It is therefore a contaminant that's illegal in our food supply - and in the food supply of any of our trading partners that have not approved its use. Consumers and trading partners, therefore, have a right to know if residues of this illegal contaminant are found in milk.

It's concerning that Fonterra and the Government chose, once again, to remain silent for many months. It suggests they have learned nothing from previous food safety scandals, and that their knee-jerk, almost instinctive response to a food safety issue is still to play for time and downplay any risk that could damage our reputation overseas.

Their strategy was always going to fail, and inflame rather than defuse the concerns of consumers and trading partners.

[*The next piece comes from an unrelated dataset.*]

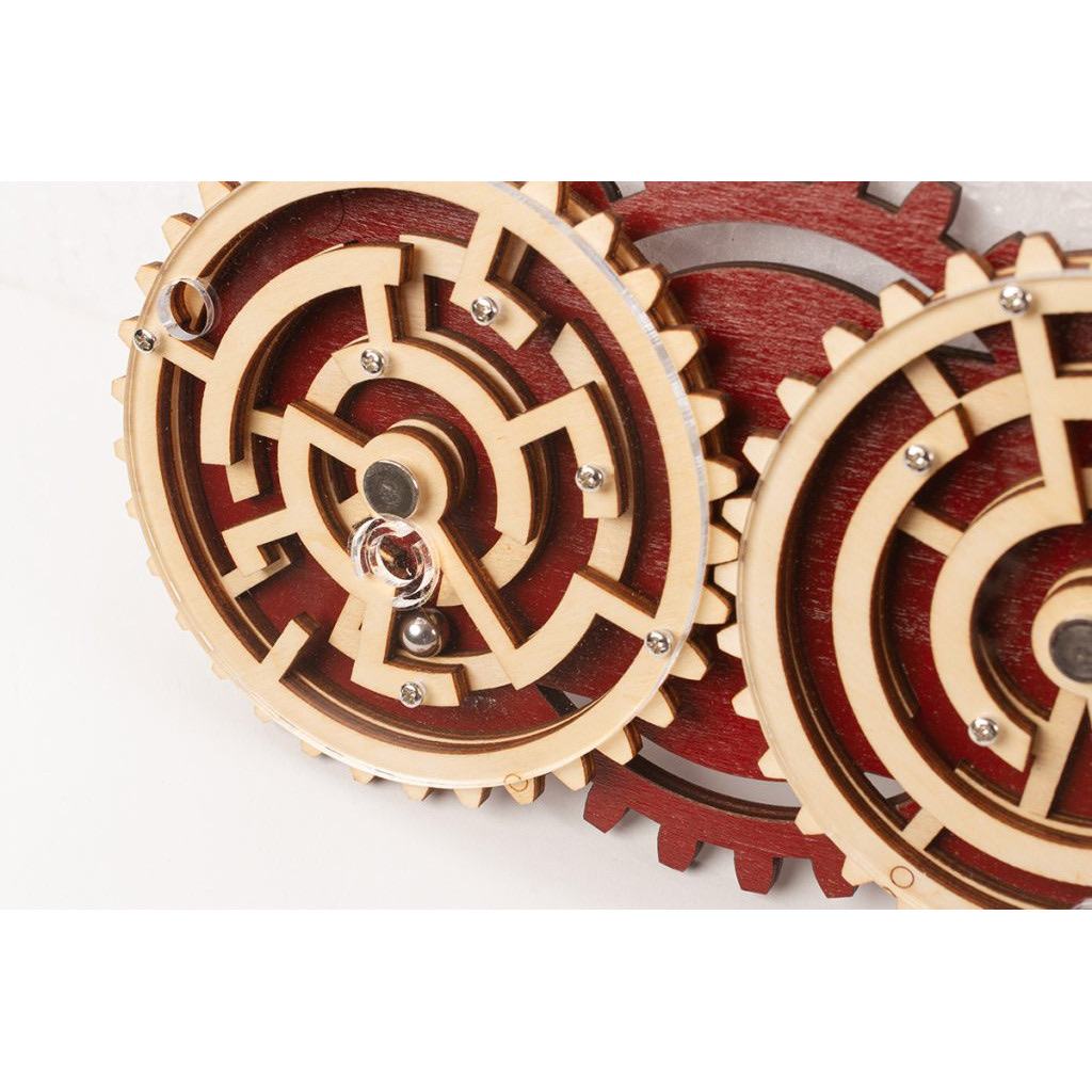 Description:CHALLENGE: Can you find the solution to remove the two balls simultaneously?ATTENTION: As both gears move at the same time, a step closer to the exit on one gear, may be a step back

As one dairy insider put it this week, "just a sniff of a cover-up and you're gone." Their foot-dragging has resulted in claims they were seeking to cover it up or delay releasing it until after the launch of their shareholder fund last November, and Fonterra is now in full damage control mode.

Their slow response has also fuelled media speculation overseas, contributed to the concerns of some of our trading partners, and resulted in some of our exporters losing tens of billions of dollars.

So let's hope that when Fonterra and the Government reflect on their handling of this latest crisis, they decide that it's far better to defuse a food safety crisis quickly by being open and upfront with consumers and trading partners as soon as possible, rather than seeking to delay, downplay or cover up any potential food safety scandal.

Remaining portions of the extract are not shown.